The input:
┏━━
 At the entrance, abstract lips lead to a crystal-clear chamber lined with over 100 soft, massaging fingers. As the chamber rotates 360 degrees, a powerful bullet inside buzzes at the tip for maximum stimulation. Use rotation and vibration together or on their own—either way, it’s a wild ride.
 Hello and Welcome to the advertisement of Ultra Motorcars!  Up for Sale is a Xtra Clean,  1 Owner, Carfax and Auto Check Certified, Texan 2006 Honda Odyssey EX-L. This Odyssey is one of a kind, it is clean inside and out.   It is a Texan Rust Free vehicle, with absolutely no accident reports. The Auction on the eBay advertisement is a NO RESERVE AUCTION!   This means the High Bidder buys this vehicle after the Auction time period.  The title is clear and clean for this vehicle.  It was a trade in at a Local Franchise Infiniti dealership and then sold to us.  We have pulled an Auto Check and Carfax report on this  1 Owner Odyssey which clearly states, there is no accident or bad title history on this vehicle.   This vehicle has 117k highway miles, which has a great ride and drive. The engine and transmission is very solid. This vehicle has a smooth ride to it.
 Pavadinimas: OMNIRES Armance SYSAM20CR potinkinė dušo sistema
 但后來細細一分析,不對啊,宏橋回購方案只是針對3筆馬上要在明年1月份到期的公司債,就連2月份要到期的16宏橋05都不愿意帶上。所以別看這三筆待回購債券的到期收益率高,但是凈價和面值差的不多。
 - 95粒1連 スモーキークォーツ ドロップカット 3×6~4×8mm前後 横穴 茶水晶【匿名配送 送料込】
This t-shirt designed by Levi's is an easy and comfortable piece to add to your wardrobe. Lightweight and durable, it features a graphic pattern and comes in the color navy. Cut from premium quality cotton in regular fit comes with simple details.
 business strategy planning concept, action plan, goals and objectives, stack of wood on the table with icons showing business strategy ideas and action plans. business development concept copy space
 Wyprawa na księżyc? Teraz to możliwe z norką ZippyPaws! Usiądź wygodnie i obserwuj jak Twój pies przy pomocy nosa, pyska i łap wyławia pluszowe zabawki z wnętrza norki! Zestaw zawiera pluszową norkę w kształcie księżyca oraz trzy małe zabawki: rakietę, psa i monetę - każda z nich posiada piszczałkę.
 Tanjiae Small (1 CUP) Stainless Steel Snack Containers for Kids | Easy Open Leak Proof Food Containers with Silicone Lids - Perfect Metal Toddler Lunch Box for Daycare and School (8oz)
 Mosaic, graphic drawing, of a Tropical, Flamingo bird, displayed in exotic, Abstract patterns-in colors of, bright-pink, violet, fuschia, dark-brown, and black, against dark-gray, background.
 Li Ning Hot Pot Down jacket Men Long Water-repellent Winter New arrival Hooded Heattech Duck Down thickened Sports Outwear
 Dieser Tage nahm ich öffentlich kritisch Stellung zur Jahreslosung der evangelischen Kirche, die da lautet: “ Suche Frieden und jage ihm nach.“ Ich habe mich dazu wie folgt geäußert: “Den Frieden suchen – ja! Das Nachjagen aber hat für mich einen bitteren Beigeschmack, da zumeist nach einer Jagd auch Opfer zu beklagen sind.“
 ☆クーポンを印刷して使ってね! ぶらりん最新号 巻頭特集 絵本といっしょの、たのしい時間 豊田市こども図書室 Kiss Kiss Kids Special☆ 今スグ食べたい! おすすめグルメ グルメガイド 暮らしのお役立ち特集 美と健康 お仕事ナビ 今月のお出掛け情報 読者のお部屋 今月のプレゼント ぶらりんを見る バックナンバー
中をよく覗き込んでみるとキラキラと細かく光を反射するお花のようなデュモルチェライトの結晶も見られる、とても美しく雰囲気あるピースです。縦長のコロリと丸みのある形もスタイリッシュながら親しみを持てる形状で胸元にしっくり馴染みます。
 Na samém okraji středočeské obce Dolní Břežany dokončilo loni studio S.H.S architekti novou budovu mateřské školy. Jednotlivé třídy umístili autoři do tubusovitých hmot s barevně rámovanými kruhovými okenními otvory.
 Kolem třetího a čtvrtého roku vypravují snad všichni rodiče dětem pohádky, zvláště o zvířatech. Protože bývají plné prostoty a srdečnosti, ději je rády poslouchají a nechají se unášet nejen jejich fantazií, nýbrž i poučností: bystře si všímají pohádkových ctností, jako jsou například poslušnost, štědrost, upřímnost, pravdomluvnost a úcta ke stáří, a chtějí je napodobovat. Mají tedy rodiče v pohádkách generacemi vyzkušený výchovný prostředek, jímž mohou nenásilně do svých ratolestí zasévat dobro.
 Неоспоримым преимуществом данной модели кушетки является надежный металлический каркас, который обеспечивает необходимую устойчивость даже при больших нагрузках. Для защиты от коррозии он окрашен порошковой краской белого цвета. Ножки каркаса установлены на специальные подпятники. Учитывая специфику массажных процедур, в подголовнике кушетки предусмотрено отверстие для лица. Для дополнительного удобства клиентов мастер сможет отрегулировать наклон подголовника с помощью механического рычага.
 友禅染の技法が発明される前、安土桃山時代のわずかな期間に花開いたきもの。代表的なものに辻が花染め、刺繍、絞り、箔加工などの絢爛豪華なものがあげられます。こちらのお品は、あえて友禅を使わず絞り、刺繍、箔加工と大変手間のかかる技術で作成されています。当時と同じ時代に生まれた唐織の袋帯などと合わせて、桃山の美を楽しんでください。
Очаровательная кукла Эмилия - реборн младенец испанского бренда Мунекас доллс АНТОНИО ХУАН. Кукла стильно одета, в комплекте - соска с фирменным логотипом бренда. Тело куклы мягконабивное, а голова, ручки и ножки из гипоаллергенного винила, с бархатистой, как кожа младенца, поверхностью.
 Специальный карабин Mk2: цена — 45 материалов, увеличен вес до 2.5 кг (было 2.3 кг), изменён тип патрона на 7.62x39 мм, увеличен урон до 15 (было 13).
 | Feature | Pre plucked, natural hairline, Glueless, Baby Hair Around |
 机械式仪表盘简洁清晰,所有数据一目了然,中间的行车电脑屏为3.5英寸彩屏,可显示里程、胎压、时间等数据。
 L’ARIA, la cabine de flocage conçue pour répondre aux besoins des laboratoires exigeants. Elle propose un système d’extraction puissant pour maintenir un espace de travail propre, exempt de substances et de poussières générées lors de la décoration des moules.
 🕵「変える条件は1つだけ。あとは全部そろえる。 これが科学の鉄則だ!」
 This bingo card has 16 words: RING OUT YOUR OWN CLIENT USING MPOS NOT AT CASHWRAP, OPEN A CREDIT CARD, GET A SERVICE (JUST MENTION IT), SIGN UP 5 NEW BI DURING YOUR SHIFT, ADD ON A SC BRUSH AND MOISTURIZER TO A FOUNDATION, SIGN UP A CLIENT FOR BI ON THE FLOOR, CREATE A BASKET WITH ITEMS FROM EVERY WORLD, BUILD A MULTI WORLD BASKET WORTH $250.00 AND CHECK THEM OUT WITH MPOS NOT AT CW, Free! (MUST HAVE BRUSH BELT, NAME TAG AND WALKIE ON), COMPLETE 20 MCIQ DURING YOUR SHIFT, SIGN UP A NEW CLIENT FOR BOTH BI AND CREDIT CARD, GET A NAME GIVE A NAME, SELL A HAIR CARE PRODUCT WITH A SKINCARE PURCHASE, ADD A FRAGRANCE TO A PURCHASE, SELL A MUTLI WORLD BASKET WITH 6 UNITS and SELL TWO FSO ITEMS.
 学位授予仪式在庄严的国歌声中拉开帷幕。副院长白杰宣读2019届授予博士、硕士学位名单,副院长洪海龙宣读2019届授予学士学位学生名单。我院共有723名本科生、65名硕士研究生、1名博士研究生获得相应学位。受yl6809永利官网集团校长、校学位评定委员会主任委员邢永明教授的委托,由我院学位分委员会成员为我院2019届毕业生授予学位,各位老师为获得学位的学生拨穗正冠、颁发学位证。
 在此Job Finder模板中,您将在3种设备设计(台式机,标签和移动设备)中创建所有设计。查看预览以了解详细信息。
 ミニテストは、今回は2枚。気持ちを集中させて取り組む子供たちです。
┗━━
To do: Find the lines above that contain the word "graphic" and copy each one.

Solved problem:
This t-shirt designed by Levi's is an easy and comfortable piece to add to your wardrobe. Lightweight and durable, it features a graphic pattern and comes in the color navy. Cut from premium quality cotton in regular fit comes with simple details.
 Mosaic, graphic drawing, of a Tropical, Flamingo bird, displayed in exotic, Abstract patterns-in colors of, bright-pink, violet, fuschia, dark-brown, and black, against dark-gray, background.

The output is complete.